@thalalabs/aptos-resilient-client
v0.1.4
Published
A resilient Aptos client with automatic failover and recovery
Readme
Aptos Resilient Client
A resilient Aptos client with automatic failover and recovery capabilities. This client maintains multiple RPC endpoint connections and automatically switches between them when failures occur, ensuring high availability for your Aptos blockchain interactions.
Features
- Automatic Failover: Switches to backup endpoints when the primary fails
- Auto Recovery: Automatically switches back to higher-priority endpoints when they recover
- Configurable Thresholds: Customize failure tolerance and health check intervals
- Request Timeout: Configurable timeout for all requests
- Health Monitoring: Periodic health checks for failed endpoints
- Full Aptos SDK Compatibility: Works as a drop-in replacement for the standard Aptos client
- TypeScript Support: Full type definitions included
Installation
npm install @thalalabs/aptos-resilient-client @aptos-labs/ts-sdkQuick Start
import { AptosResilientClient } from "@thalalabs/aptos-resilient-client";
import { AptosConfig } from "@aptos-labs/ts-sdk";
// Create a resilient client with multiple endpoints
const resilientClient = new AptosResilientClient({
endpoints: [
new AptosConfig({ fullnode: "https://api.mainnet.aptoslabs.com/v1" }), // Primary
new AptosConfig({ fullnode: "https://1rpc.io/aptos/v1" }), // Backup
],
unhealthyThreshold: 3, // Mark endpoint unhealthy after 3 failures
healthCheckInterval: 30000, // Check every 30 seconds
requestTimeout: 10000, // 10 second timeout per request
});
// Get the Aptos client instance
const client = resilientClient.getClient();
// Use it just like the standard Aptos client
const ledgerInfo = await client.getLedgerInfo();
const accountInfo = await client.getAccountInfo({ accountAddress: "0x1" });
// Get statistics
const stats = resilientClient.getStats();
console.log("Active endpoint:", stats.activeEndpointUrl);
console.log("Total failovers:", stats.totalFailovers);
// Clean up when done
resilientClient.destroy();Configuration
ResilientClientConfig
| Property | Type | Default | Description |
|----------|------|---------|-------------|
| endpoints | AptosConfig[] | required | Array of AptosConfig objects in priority order (first = highest priority). Each AptosConfig can specify fullnode URL, network, and custom client configuration (headers, API keys, etc.) |
| unhealthyThreshold | number | 3 | Number of consecutive failures before marking endpoint as unhealthy. Unhealthy endpoints are skipped in future requests. |
| healthCheckInterval | number | 30000 | Interval in milliseconds between health checks for unhealthy endpoints |
| requestTimeout | number | 10000 | Timeout in milliseconds for each request |
How It Works
Failover Logic
Within a Single Request:
- The client tries all healthy endpoints sequentially, starting with the highest priority
- If endpoint A fails, it immediately tries endpoint B (no retries)

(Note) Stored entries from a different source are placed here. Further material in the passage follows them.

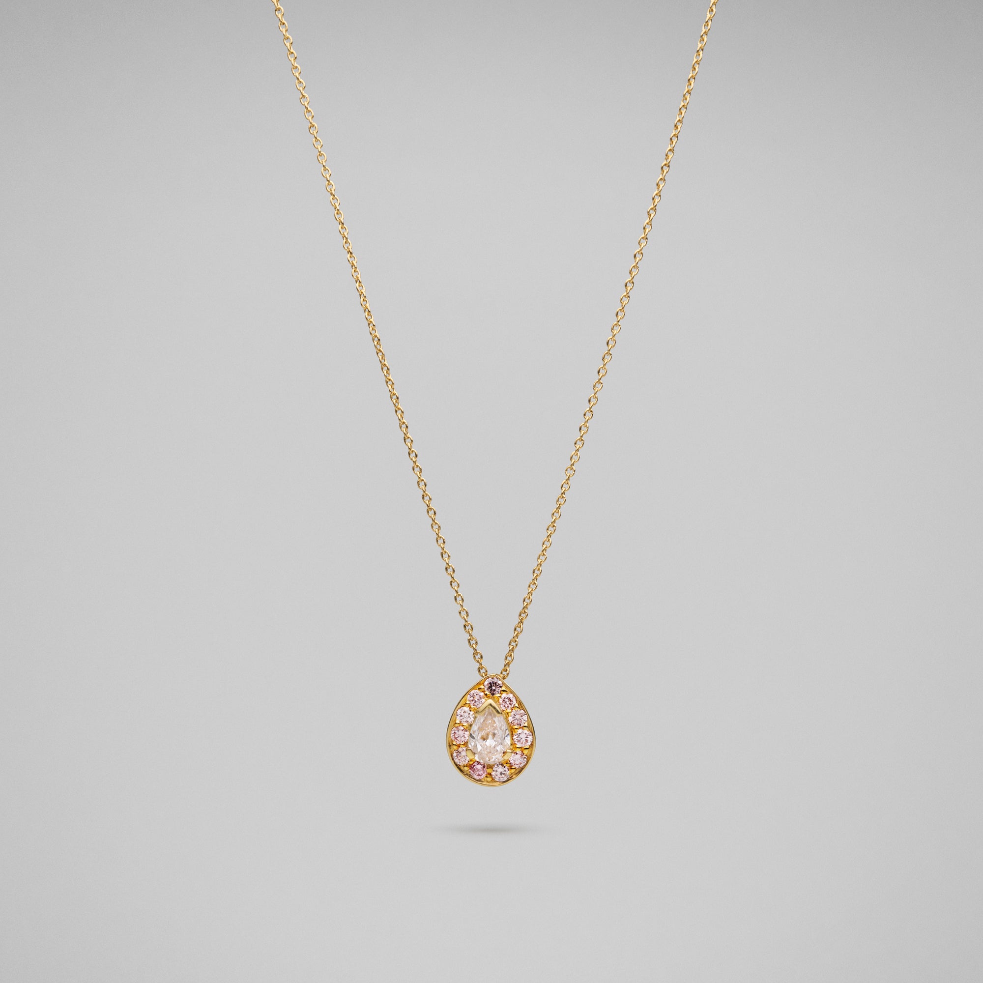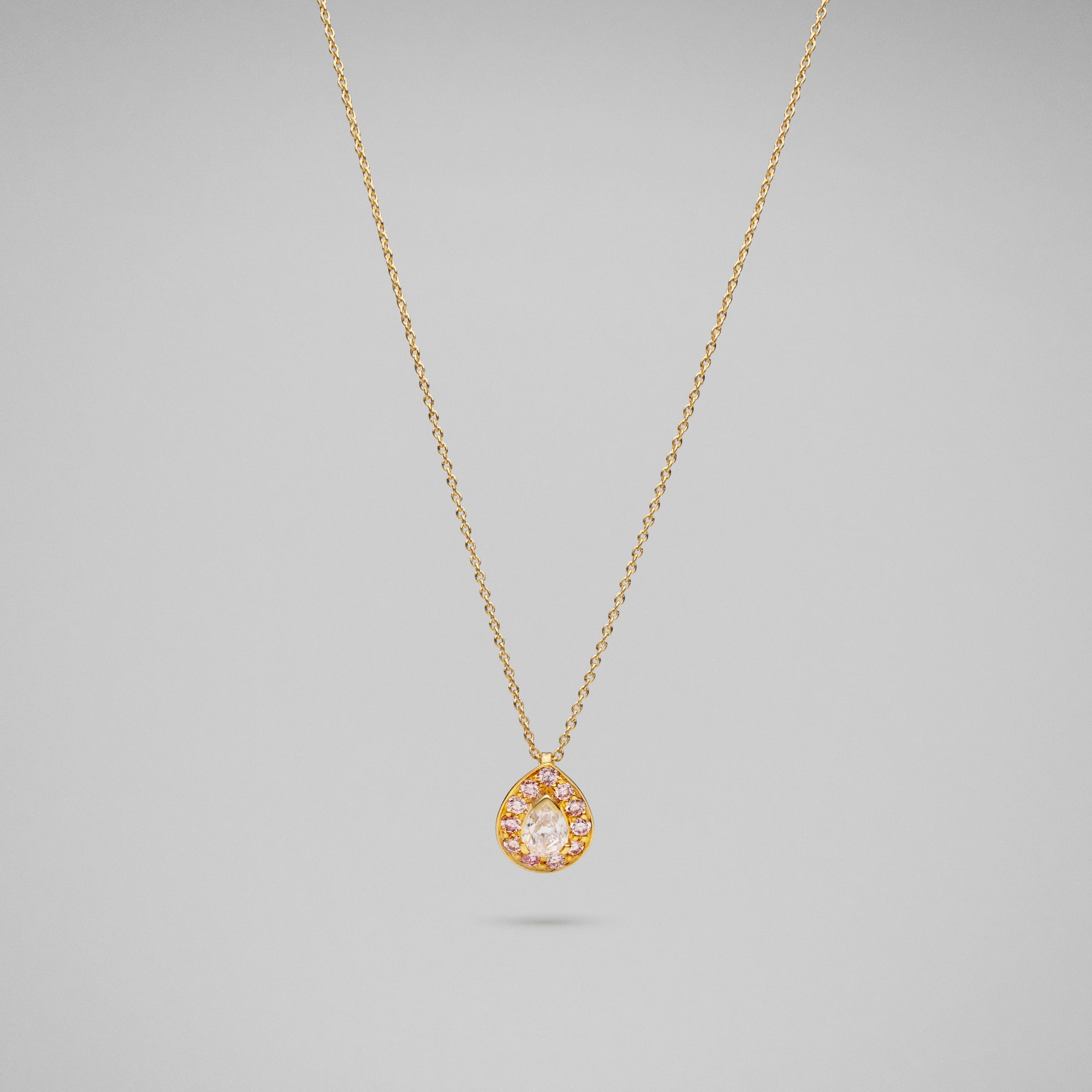 A BUNDA 'Sitara' diamond pendant made in 18 carat yellow gold, featuring a four claw set, pear cut pink diamond, surrounded with threadset, pink diamonds to the head.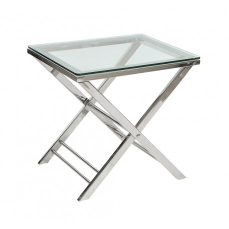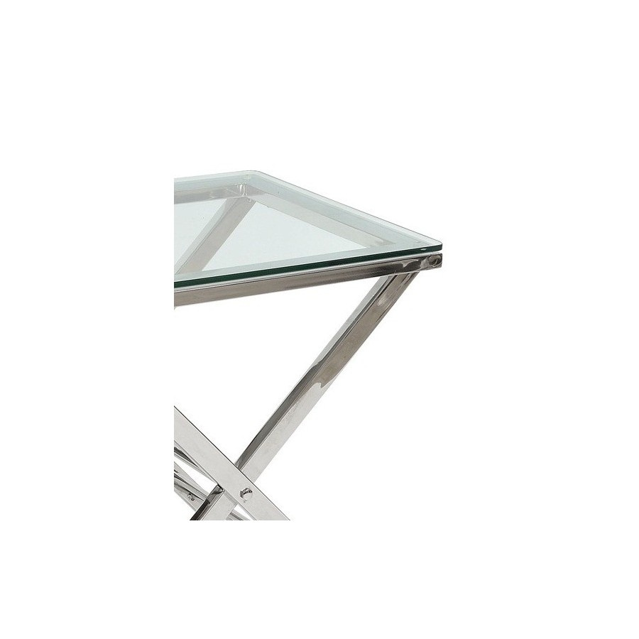 Niezwykle elegancki, nieduży stolik marki Belldeco. Nogi stolika wykonane są z polerowanego aluminium, natomiast blat stolika Deluxe wykonany jest z hartowanego szkła. Stolik zawdzięcza swą oryginalność nie tylko wysokiemu połyskowi metalowych nóg, ale także ich ułożeniu na krzyż. Stolik Deluxe ze szklanym blatem jest meblem stylowym i eleganckim, wykonanym z materiałów najwyższej jakości, dlatego też będzie idealnym wyborem także dla najbardziej wymagających klientów. Odświeży każde wnętrze dodając mu klasy i elegancji. Dzięki praktycznemu, srebrnemu kolorowi Stoliki Deluxe świetnie wyglądają z meblami w każdym odcieniu i kolorze.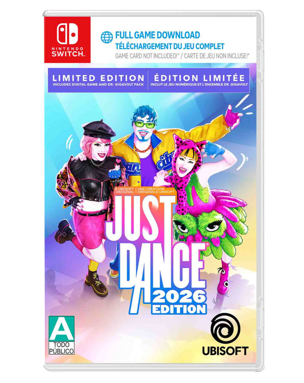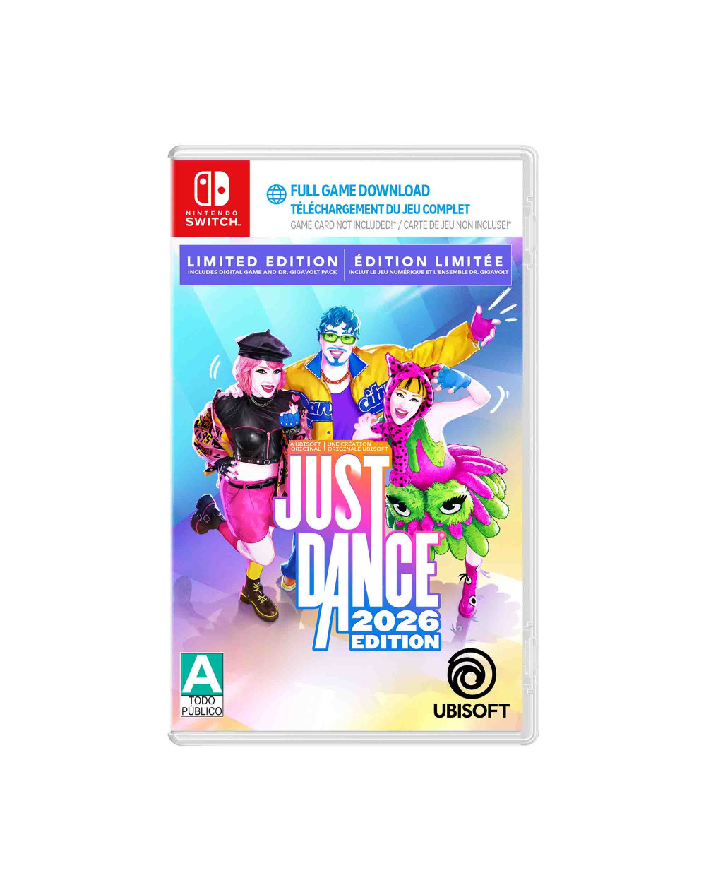 El juego aprovecha al máximo los controles por movimiento de Nintendo Switch, permitiendo usar el Joy-Con como sensor de movimiento para seguir las coreografías de manera precisa y sencilla. Incluye múltiples modos de juego pensados para distintos estilos de jugador, desde sesiones casuales hasta rutinas más intensas enfocadas en el ejercicio y la constancia. Además, Just Dance 2026 mantiene la integración con funciones en línea, rankings y desafíos que amplían la rejugabilidad y la competencia amistosa. Gracias a su formato digital activado desde el empaque, el juego permite acceder rápidamente al contenido y recibir actualizaciones que mantienen la experiencia fresca y actualizada.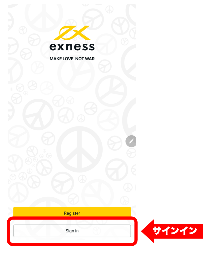 Exnessアプリが開いたら、画面下部にある「Sign in(サインイン)」をタップします。

- Each failure increments that endpoint's consecutive failure counter
- The request succeeds as soon as any endpoint responds successfully
Across Multiple Requests:
- After
unhealthyThresholdconsecutive failures, an endpoint is marked unhealthy - Unhealthy endpoints are skipped entirely in future requests (cost optimization)
- The active endpoint becomes the first healthy endpoint in priority order
Example with 3 endpoints (threshold = 3):
- Request 1: Primary fails (1/3) → Backup succeeds ✓
- Request 2: Primary fails (2/3) → Backup succeeds ✓
- Request 3: Primary fails (3/3, marked unhealthy) → Backup succeeds ✓
- Request 4+: Skip primary entirely → Backup succeeds ✓ (saves time & money)
Recovery Logic
- A background health check runs every
healthCheckIntervalmilliseconds - Unhealthy endpoints are tested with a lightweight request (
getLedgerInfo()) - If an endpoint becomes healthy again and has higher priority than the current active endpoint, the client switches back to it
- This ensures you always use the highest-priority available endpoint
Error Handling
The client distinguishes between:
- Network errors (timeout, connection refused, etc.) → Triggers failover
- Application errors (invalid parameters, etc.) → Thrown immediately without failover
Network errors that trigger failover include:
- Timeouts
- Connection refused (ECONNREFUSED)
- DNS errors (ENOTFOUND)
- Connection reset (ECONNRESET)
- HTTP 502, 503, 504 errors
API Reference
AptosResilientClient
Constructor
new AptosResilientClient(config: ResilientClientConfig)Methods
getClient(): Aptos
Returns the proxy Aptos client instance that should be used for all operations.
const client = resilientClient.getClient();
const ledgerInfo = await client.getLedgerInfo();getStats(): ClientStats
Returns current statistics about the client.
const stats = resilientClient.getStats();
console.log(stats.activeEndpointUrl); // Currently active endpoint
console.log(stats.totalFailovers); // Total number of failovers
console.log(stats.totalRecoveries); // Total number of recoveries
console.log(stats.endpoints); // Health status of all endpointscheckHealth(): Promise<void>
Manually trigger a health check for all unhealthy endpoints.
await resilientClient.checkHealth();destroy(): void
Stop the health check interval and clean up resources.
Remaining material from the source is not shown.